It's an old trick for cheap watches: thing stops running, you take the back off and lay it in a saucer of lighter fluid, move it around a little. (Don't try this with an modern watch! ETA: or most older ones, see Sevasteen in Comments.) The volatile petroleum distillate washes out the gunky old oil, dust, etc. Advanced practitioners would add a drop of sewing machine oil.
My balky Iver Johnson top-breaks got a version of that prior to going to the range Sunady afternoon: several drops of Ronson fuel down each side of the hammer. I worked the action (controlling the hammer!) multiple times and then followed with some proper oil ("FP-10," I think) and some more working. The older one, with a stiff hinge, got the same treatment there.
And what do you know -- it worked! Both worked much better today. They could still use a professional going-over but in the case of the Supershot, it made a huge improvement.

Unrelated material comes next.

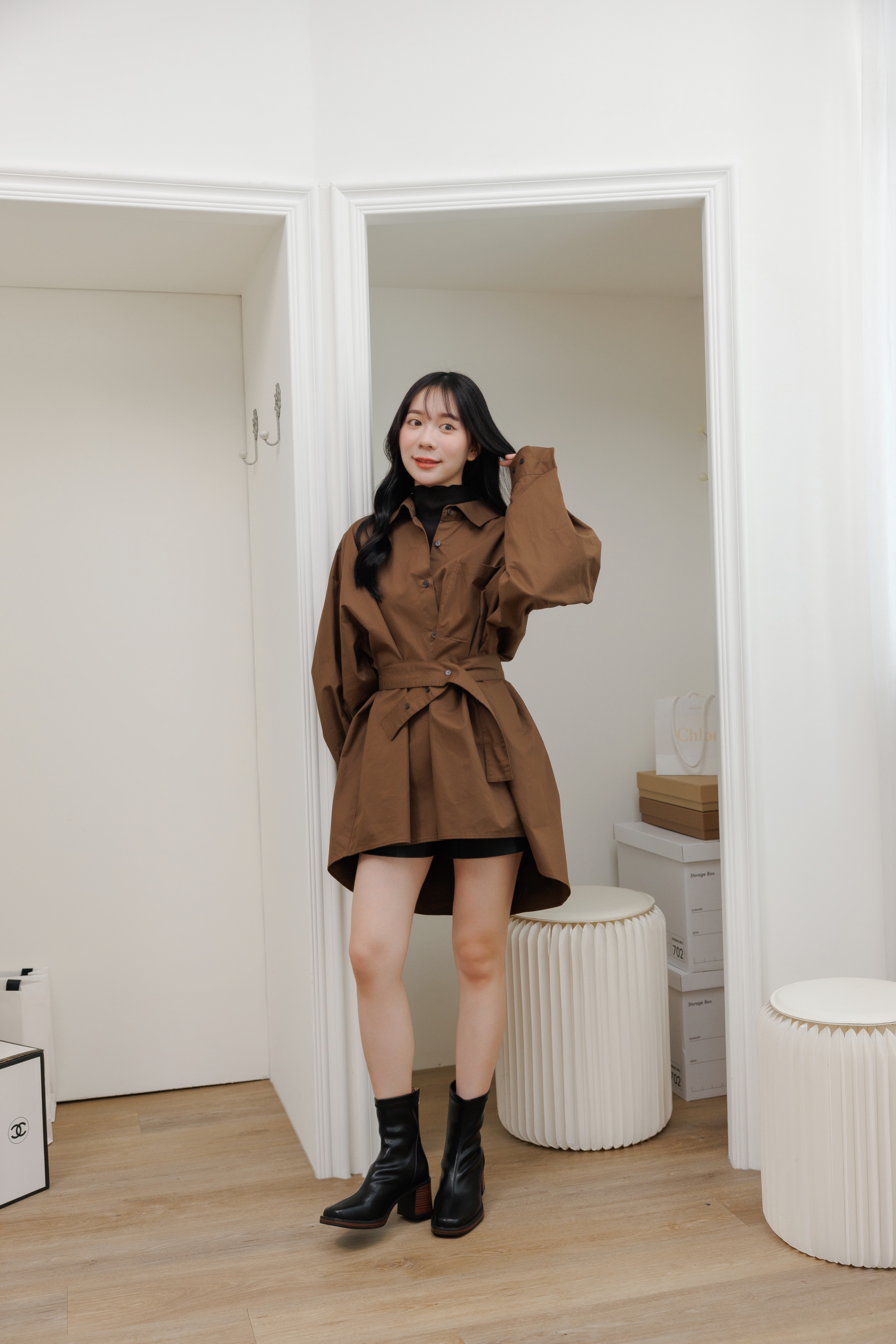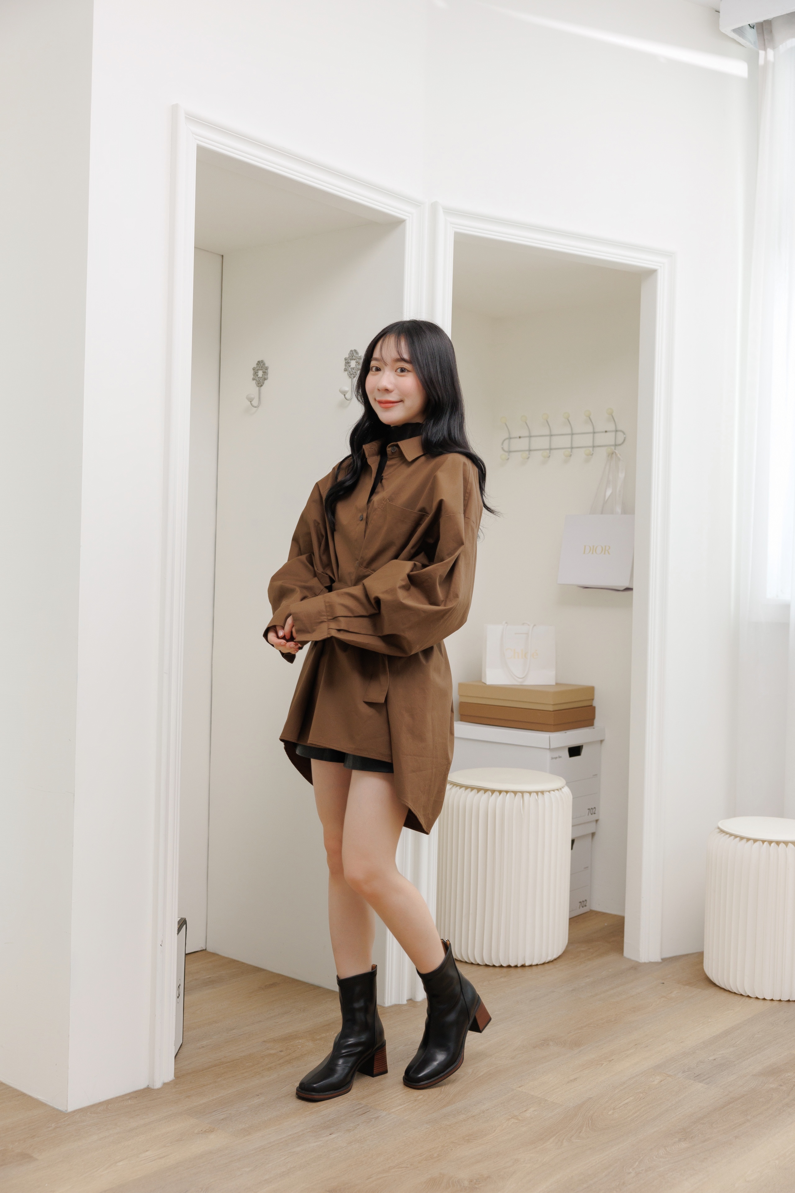 現貨 黑39 棕38 法式方頭高粗跟短靴 -2色

I shot my High Standard Sentinel, too, and the H&R 623 just 'cos it is so darned much fun. I saw -- and should have photographed -- an immaculate 622, the blued version; this one had a 6" barrel, a nice holster and cartridge belt (for .22s!) and a story: an elderly gentleman drove up and asked Guy (the range boss; also, he practices law) if he could drop off a gun he no longer wanted. ("My business partner convinced me to buy it a long, long time ago and it just makes me nervous to still have it around.") This was a bit of a surprise. Even after Guy pointed out he could instead take it to a gun store and turn it into money, the man was sure he wanted to give it away there and then. He just wasn't comfortable having it. Evidently, his story was found plausible, and when the firearm in question was revealed, there it was: a little pull-pin .22, a back-yard can-plinker. Naturally, the rangemasters didn't want to see it go unwanted... (I've shot it. It needs cleaned, lubed and maybe a new mainspring, but it's almost 100%). Made sometime between 1968 and 1970, depending on who you believe about H&R date-coding.
With my guns, I got off to a lousy start but found the center soon enough. The Sentinel is a particular treat; once I have got my head in the game, it's a magic fun machine, "Boom! in the black. Boom! In the black," over and over.